Extranuclear detection of histones and nucleosomes in activated human lymphoblasts as an early event in apoptosis

C Gabler 1, N Blank 1, T Hieronymus 1, M Schiller 1, J Berden 1, J Kalden 1, H Lorenz 1
PMCID: PMC1755110  PMID: 15308524

Abstract

Objective: To evaluate the presence of histones and nucleosomes in cell lysates of freshly isolated peripheral blood mononuclear cells (PBMC), fully activated lymphoblasts, or lymphoblasts after induction of apoptosis.

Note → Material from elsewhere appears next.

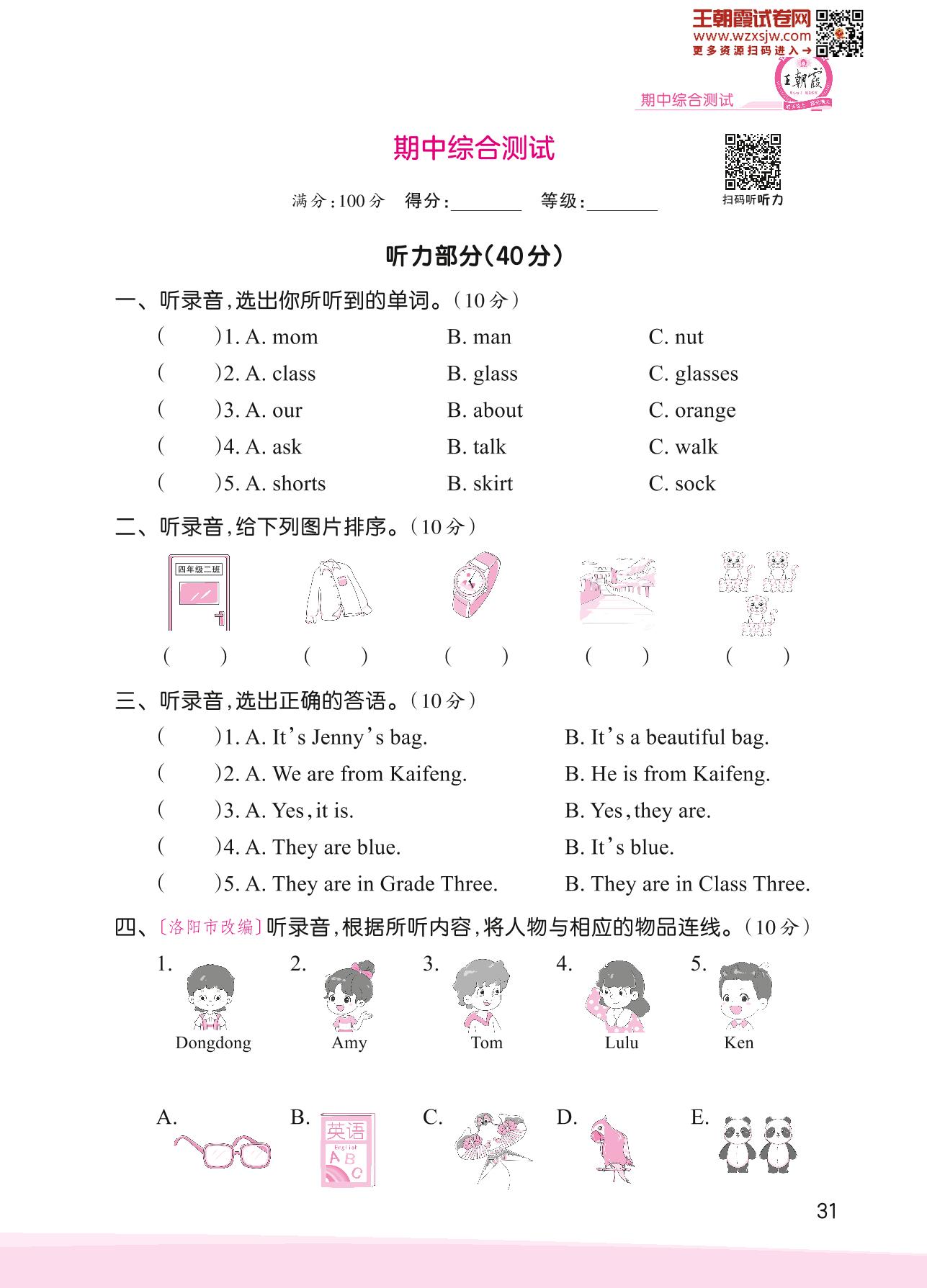 四年级英语科普版下册期中卷

Methods: Each histone class (H1, H2A, H2B, H3, and H4) was detected by western blot analysis with specific antibodies. Annexin V/propidium iodide (PI) staining was performed for each treatment to distinguish viable, early, and late apoptotic, and necrotic cells. DNA degradation was evaluated by PI staining in a hypotonic buffer.

Results: All five histones were detected in cell lysates of activated lymphoblasts in higher concentrations than in lysates of PBMC. An additional significant increase of H2A, H2B, H3, H4, and complete nucleosomes in cell lysates of lymphoblasts was found during interleukin (IL)2 deprivation for 8 or 24 hours. The content of these histones or nucleosomes in cell lysates decreased after delayed IL2 readdition. H1 content in cell lysates was not affected by IL2 deprivation or addition. Quantities of H2A, H2B, H3, and H4 in cell lysates correlated significantly with signs of early apoptosis. UV-B light exposure or etoposide treatment of lymphoblasts resulted in a distinct increase for each histone class in cell lysates compared with standard curves. No bands for post-translationally modified histones were detected in cell lysates in contrast with signals in nuclear preparations.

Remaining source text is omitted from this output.